First whole week at Tuenti completed. Some progress, and a bunch of questions. Here’s the short crackdown:
- Acquired an understanding of the problem with recommendations, why it is useful, where it is used, who the big players are, and how it has evolved over the years.
- Learned about matrix factorization techniques for predicting recommendations. Although I’m not sure I fully understand how it is done, I get the gist. Probably wouldn’t attempt to implement one of the more complicated algorithms on my own yet.
- Tweaked and refactored some code which does simple matrix factorization on very small datasets, and in a sequential manner. Check the refactored code on Github.
- Read numerous papers about algorithms (many of which I don’t understand, but able to classify).
- Read the few papers I could find on recommendation systems architecture. Google News personalisation being the most prominent one.
- Studied the Mahout architecture; a machine learning framework which is able to utilize Hadoop for larger datasets. It works offline only (although Taste, the recommendation framework, is pluggable for online recommendations too) and does not support model-based algorithms yet, afaik.
- Discovered that there isn’t a whole lot of research, papers, or blogposts on the actual implementations of recommendation systems. Good for me, I guess.

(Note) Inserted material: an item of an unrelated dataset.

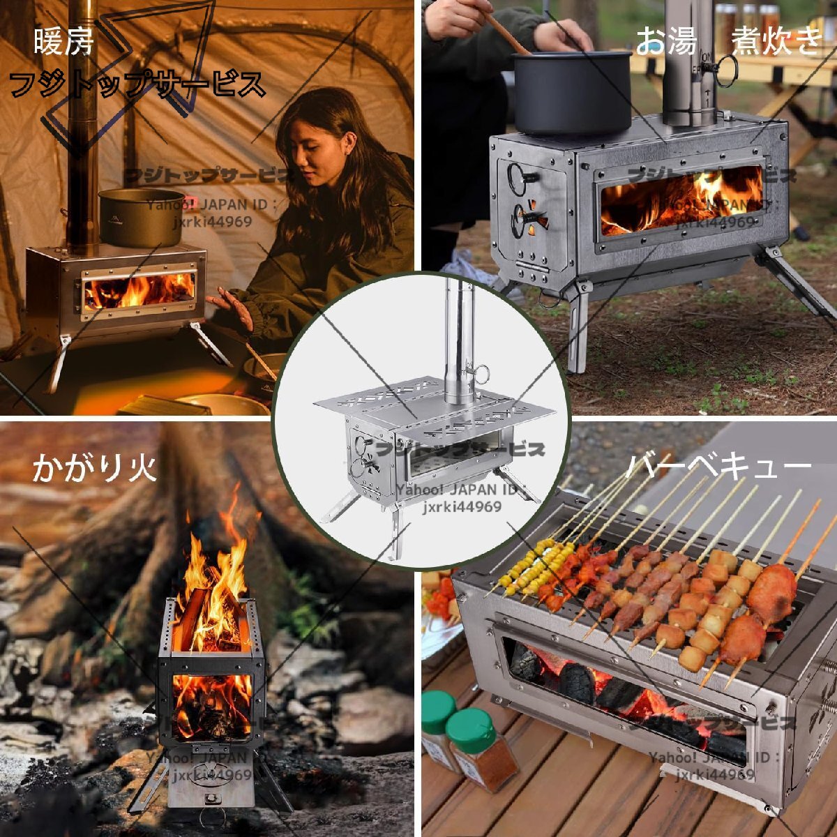 ●四本脚は折り畳めるデザイン、持ち運びや収納が快適にできます。工具なしで組み立てられるシンプル構造。脚を展開し、煙突を接続するだけで完成。

- Began studying Tuenti’s internal architecture based on technical specifications and requirement documents. Much of it I will never cover here. Next week a colleague is giving me and Toni a walkthrough of the essentials. Will be very interesting as a lot of things here really are at large scale. Things we only studied in papers before.
- Rewrote my thesis position paper based on this week’s findings. As soon as the Tuenti architecture background is complete I should be able to finalise it and send it for a final review. My UPC supervisor isn’t responding to e-mails at the moment (and hasn’t for a week) which is an issue though.
- Got some rough ideas on a possible system design if I could do it entirely as I want. That’s obviously neither a good idea, nor feasible. But sketching is always fun.
It’s been a lot this week. Although I still haven’t been able to exactly specify the topic and the work, I’m getting more confident that we’ll find something. The best part is that basically whatever I look at is really interesting. Perhaps with an exception for some of the complicated math algorithms.
Now pizza.